It appears, if you request 'early interrupts', an interrupt occurs when the header portion of an Ethernet packet is received. This early data goes into a header RFD. The load HDS command:

101 Load Header Data Size (HDS). After a load HDS command is issued, the
device expects to only find header RFDs or to be used in Receive DMA mode
until it is reset. This value defines the size of the header portion of the RFDs or
receive buffers. The HDS value is defined by the lower 14 bits of the SCB
General Pointer; thus, bits 15 through 31 should always be set to zeros when
using this command. The value of HDS should be an even non-zero number

So now, what is 'Receive DMA mode'? I found a mention of it:

011 Receive DMA Redirect. This command is only valid for the 82558 and later
devices. The buffers are indicated by an RBD chain, which is pointed to by an
offset stored in the general pointer register (in the RU base).

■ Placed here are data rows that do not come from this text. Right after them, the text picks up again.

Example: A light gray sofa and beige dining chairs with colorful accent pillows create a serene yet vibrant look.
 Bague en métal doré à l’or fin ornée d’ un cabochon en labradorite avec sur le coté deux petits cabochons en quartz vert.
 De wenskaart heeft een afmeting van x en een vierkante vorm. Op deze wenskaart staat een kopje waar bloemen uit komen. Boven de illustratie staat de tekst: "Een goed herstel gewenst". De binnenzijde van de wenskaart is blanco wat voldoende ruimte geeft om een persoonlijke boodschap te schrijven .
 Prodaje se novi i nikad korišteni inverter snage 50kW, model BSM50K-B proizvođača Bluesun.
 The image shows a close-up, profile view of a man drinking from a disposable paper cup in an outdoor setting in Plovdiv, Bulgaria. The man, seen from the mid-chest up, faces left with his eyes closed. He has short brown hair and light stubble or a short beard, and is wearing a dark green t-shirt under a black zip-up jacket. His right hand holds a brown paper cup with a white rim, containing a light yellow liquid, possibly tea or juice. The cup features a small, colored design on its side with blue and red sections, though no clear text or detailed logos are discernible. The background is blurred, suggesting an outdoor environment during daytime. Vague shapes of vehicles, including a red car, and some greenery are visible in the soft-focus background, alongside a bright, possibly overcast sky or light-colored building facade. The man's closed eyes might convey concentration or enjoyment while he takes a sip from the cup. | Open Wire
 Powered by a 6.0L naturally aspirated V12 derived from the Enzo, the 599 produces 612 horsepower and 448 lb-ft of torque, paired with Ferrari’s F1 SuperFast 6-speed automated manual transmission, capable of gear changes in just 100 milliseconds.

Aha! So it seems this 'Receive DMA mode' is what allows your rx data to be separate from the rx descriptor. This blurb seems to indicate such functionality is only available on the 82558 and later.

So then I looked at how the linux drivers are handling their rx buffers. There are actually two linux drivers for these NICs - eepro100.c and e100.c. The former is what the gPXE driver is based on, the latter is written by Intel.

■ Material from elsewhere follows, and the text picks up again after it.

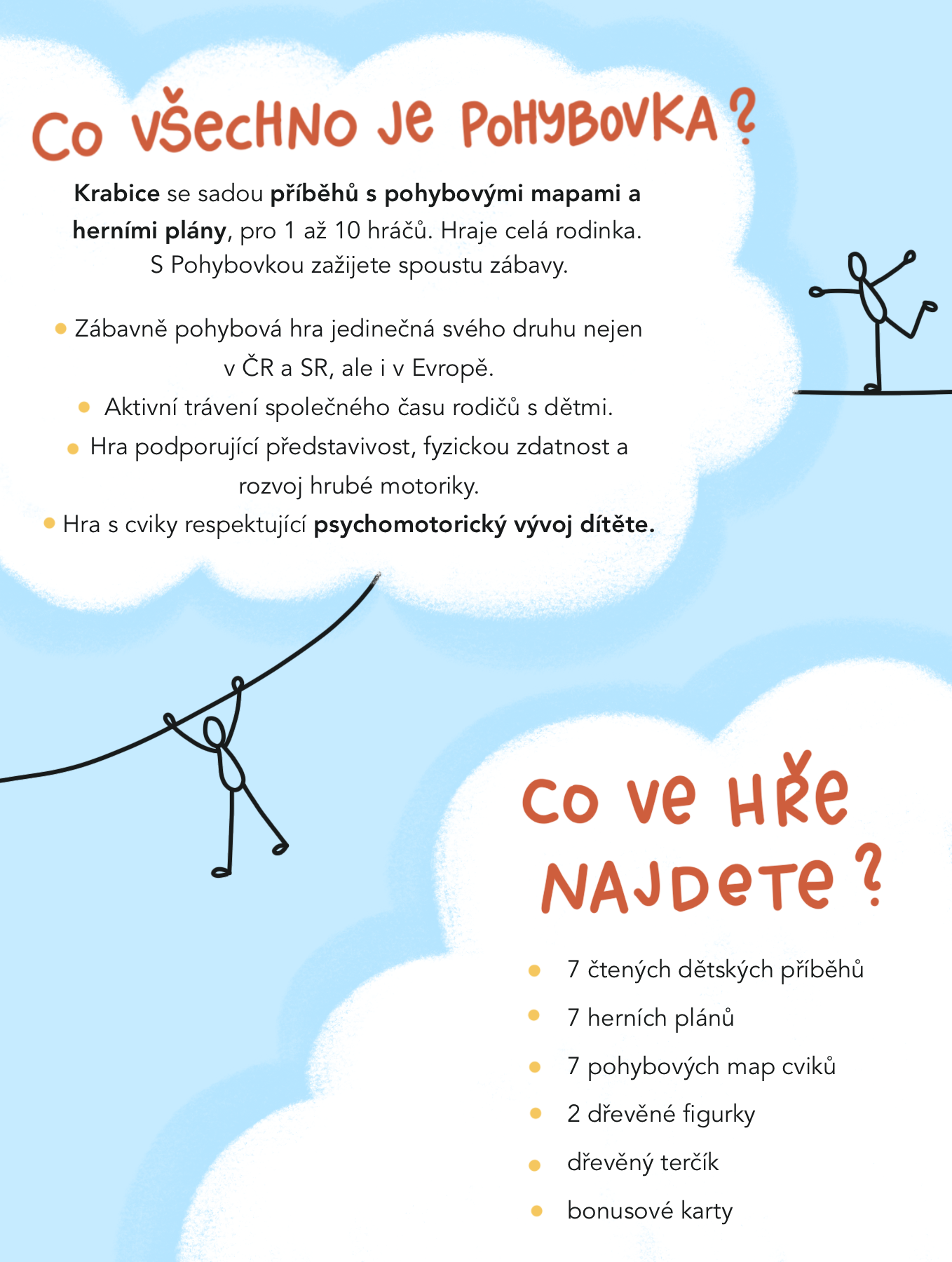 Obohaťte vaše společné zážitky s dětmi. Unikátní zábavně pohybová hra se 7 příběhy. Milují vaše děti pohyb a potřebují se pořádně vyřádit? Pohybovka zaujme všechny děti a rodiče. Pojďte si hru s námi zahrát a pomozte nám s vývojem dalších verzí, děkujeme!
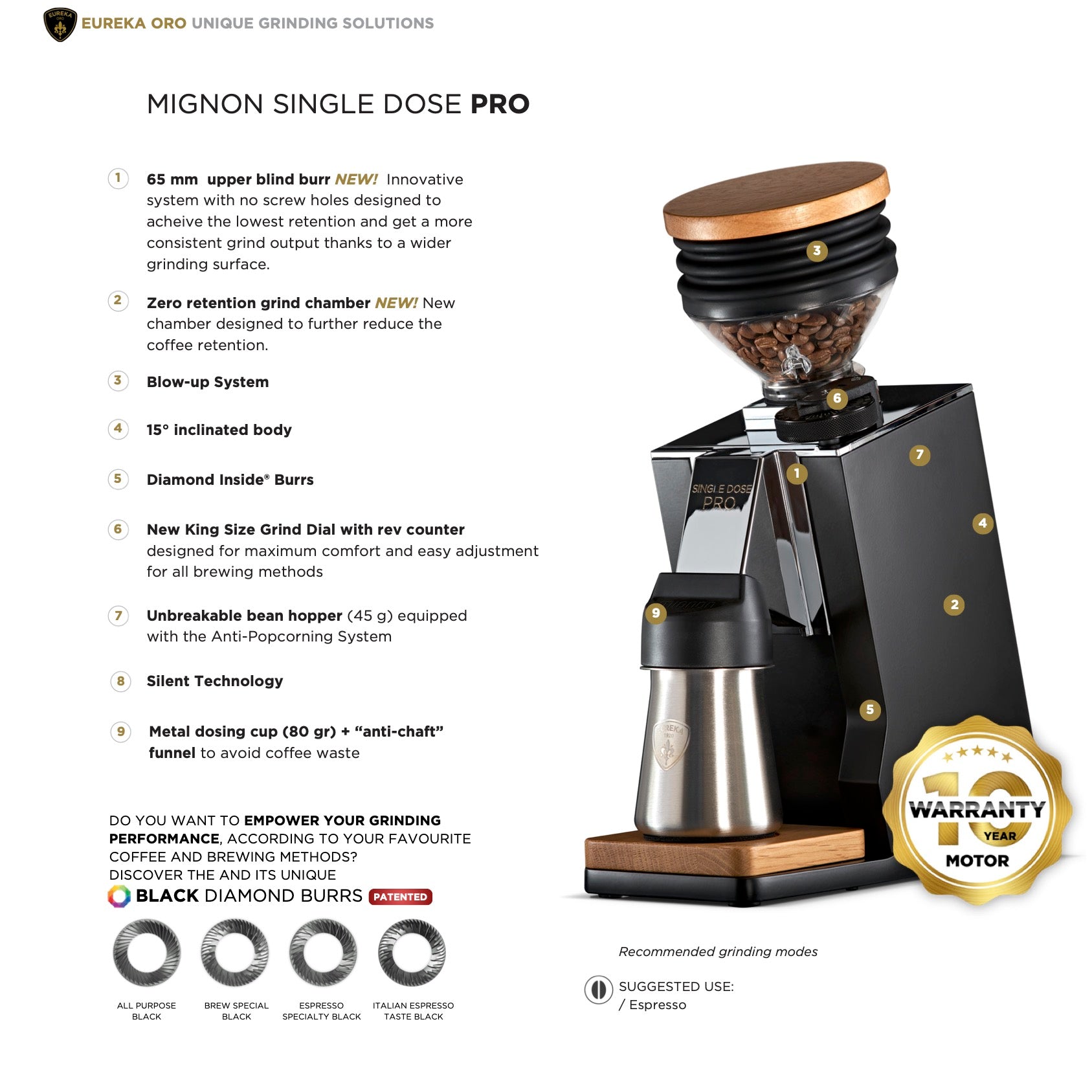 For all Eureka Single Dose Pro grinders purchased after June 1, 2025, a 10-year motor warranty applies.

Both linux drivers appear to use the simplified rx mode, and store both the RFD header and rx data within their buffers. Prior to handing off the rx data to the network subsystem, the buffer's internal data pointer is adjusted to point at the packet data.

Looking at gPXE's io_buffer structure, it appears I can do the same:

/**
 * A persistent I/O buffer
 *
 * This data structure encapsulates a long-lived I/O buffer.  The
 * buffer may be passed between multiple owners, queued for possible
 * retransmission, etc.
 */
struct io_buffer {
	/** List of which this buffer is a member
	 *
	 * The list must belong to the current owner of the buffer.
	 * Different owners may maintain different lists (e.g. a
	 * retransmission list for TCP).
	 */
	struct list_head list;
 
	/** Start of the buffer */
	void *head;
	/** Start of data */
	void *data;
	/** End of data */
	void *tail;
	/** End of the buffer */
        void *end;
};

I then decided it'd be best to make my planned formatting changes now, rather than continue to prolong the inevitable changes. Thus, I spent some time making purely formatting changes, that is, no changes to what the code actually does changed, except for a few debug statements. The diff probably won't be of use, as it's all different :-)

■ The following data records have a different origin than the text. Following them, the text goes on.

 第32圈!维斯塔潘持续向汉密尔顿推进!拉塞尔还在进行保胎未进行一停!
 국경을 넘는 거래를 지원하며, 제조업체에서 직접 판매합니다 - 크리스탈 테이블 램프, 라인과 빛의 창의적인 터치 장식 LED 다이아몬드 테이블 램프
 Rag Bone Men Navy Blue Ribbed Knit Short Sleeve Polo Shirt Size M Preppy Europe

I removed the description of operation as it's all changing. I'll write in a new description once the final driver operation is set. IFEC = Intel Fast Ethernet Controller. From what I can find, it seems only these controllers are referred to as Fast Ethernet Controllers by Intel. It's short and simple.

15 June

I rewrote ifec_scb_cmd_wait(). Now it returns an error code if the command unit doesn't become ready within a timeout interval. The timeout is a configurable #define CU_CMD_TIMEOUT. The return code is propagated through ifec_scb_cmd(), so the caller can check that if they want.

I rearranged operations in ifec_net_open(), to give a seemingly more logical order. It seems to work the same, I wonder if this makes a difference.

After the last commit, I considered there may be some nuance to the hardware design that makes the original ordering always work, and the new ordering occasionally fail. I wouldn't notice this for a while.

This got me wondering if I should strive to keep the drivers as close to the original Linux version as possible. This could take advantage of any subtle hardware problems that their code has evolved to avert.

Although I may just be over-thinking things. One would hope any hardware defects would be clearly identified. Would the Intel engineers releasing open-source drivers for their hardware spell out how they worked around hardware bugs..? I wonder if my work over the past few days hasn't been a waste.

I haven't spoken to Marty since making these changes, so we'll see what he says.

Tomorrow I hope to integrate dynamic allocation for the tx & rx, as well as expand tx to multiple descriptors.